Desde primeiro de julho, está em vigor uma nova resolução do Banco Central que coloca como condição para conseguir crédito do Pronaf que no máximo 70% da renda do pequeno produtor de fumo venha do cultivo do tabaco. Ou seja, de cada 100 reais que o agricultor ganha, 30 precisam vir da venda de outros produtos. Até então, a exigência era de 20. Todo o setor está reclamando da mudança. O deputado que pediu o debate, Luis Carlos Heinze, do PP gaúcho, concorda com a reivindicação.
"Temos que derrubar a resolução e os produtores têm que continuar plantando. Esses produtores de fumo que plantam em média não chega a dar 3 hectares - 3 hectares! Veja o tamanho de área que esses produtores plantam e conseguem ainda viver decentemente."
O Pronaf não financia o cultivo de tabaco em si, mas sim outras atividades rurais desses pequenos agricultores em suas propriedades. Por exemplo, a compra de um trator para plantação de milho.
O vice-presidente da Associação dos Fumicultores do Brasil, Marco Antônio Dornelles, explica que é comum diversificar a produção nas propriedades rurais de quem planta fumo. Mas o tabaco é o produto mais rentável: sete vezes mais que o milho, por exemplo.
"O produtor de tabaco ele também tem na propriedade atividades produtivas de subsistência, ou seja, ele produz alimento para o sustento de sua família e também ele produz alimento para a venda, no caso do leite, suínos e aves. A capacidade de pagamento exigida com a mudança da resolução, ela tem que advir de outras culturas. Hoje grande parte da renda do produtor é do tabaco."
Para o diretor executivo da Associação Brasileira da Indústria do Fumo, Carlos Galant, a intenção real das novas regras de acesso ao Pronaf não é só incentivar o agricultor a aumentar a produção de outros produtos.
"Essa resolução é claramente uma deliberação governamental no sentido de reduzir por decreto a área plantada de tabaco no Brasil. Isso é evidente."

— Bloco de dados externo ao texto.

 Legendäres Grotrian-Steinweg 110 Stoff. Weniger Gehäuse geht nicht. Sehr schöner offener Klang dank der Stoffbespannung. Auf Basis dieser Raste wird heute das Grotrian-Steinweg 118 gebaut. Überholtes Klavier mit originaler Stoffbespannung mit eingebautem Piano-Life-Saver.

Mas os dois representantes do Governo presentes na reunião, dos Ministérios da Agricultura e do Desenvolvimento Social e Agrário, também não concordaram com a diminuição do limite de renda dos pequenos produtores que pode vir do tabaco. José Roseno, que está no cargo de Secretário Especial de Agricultura Familiar e Desenvolvimento Agrário há pouco mais de um mês, disse que ainda não conseguiu explicações sobre a motivação dessa mudança. E fala do impacto que ela pode ter.
“Teremos 80% dos agricultores impedidos de tomar o crédito para fazer a diversificação. Ou seja, a medida, que é para a diversificação, ela está tendo resultado inverso."

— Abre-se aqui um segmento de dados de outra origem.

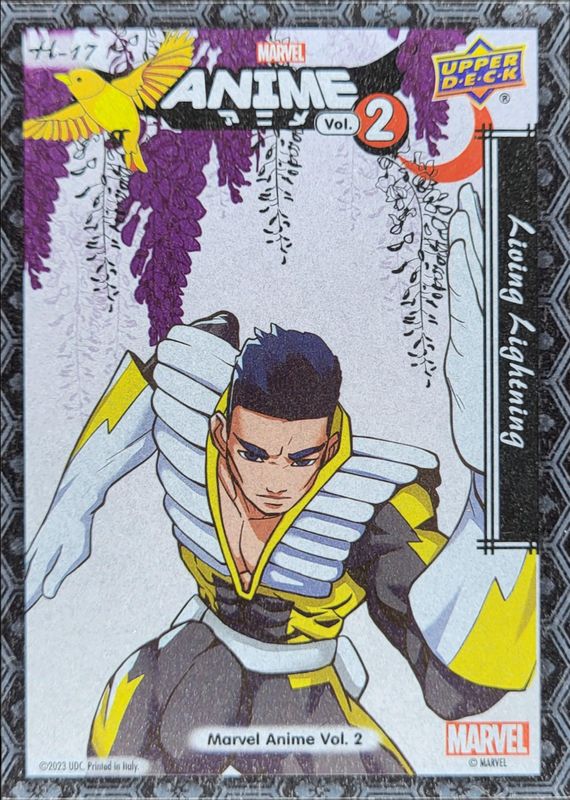 The Living Lightning 2023 Upper Deck Marvel Anime Vol. 2 #H-17 Hanafuda card is 1 of 5 Living Lightning's card variations in the 2023 Upper Deck Marvel Anime Vol. 2 set being tracked by Sports Card Investor, including Base, Color Spiral, Japanese Mega Moon, and Thatched Foil.

Roseno disse que já está com um documento pronto para entregar ao Ministério da Fazenda, pedindo a anulação das novas regras de concessão de crédito do Pronaf aos produtores de fumo. Ele quer que a medida seja revogada até o final do mês. Vale destacar que, em 2012, o Governo já havia tentado aumentar a renda obtida de outros produtos para os plantadores de tabaco, mas por causa da pressão do setor, a medida foi anulada logo depois.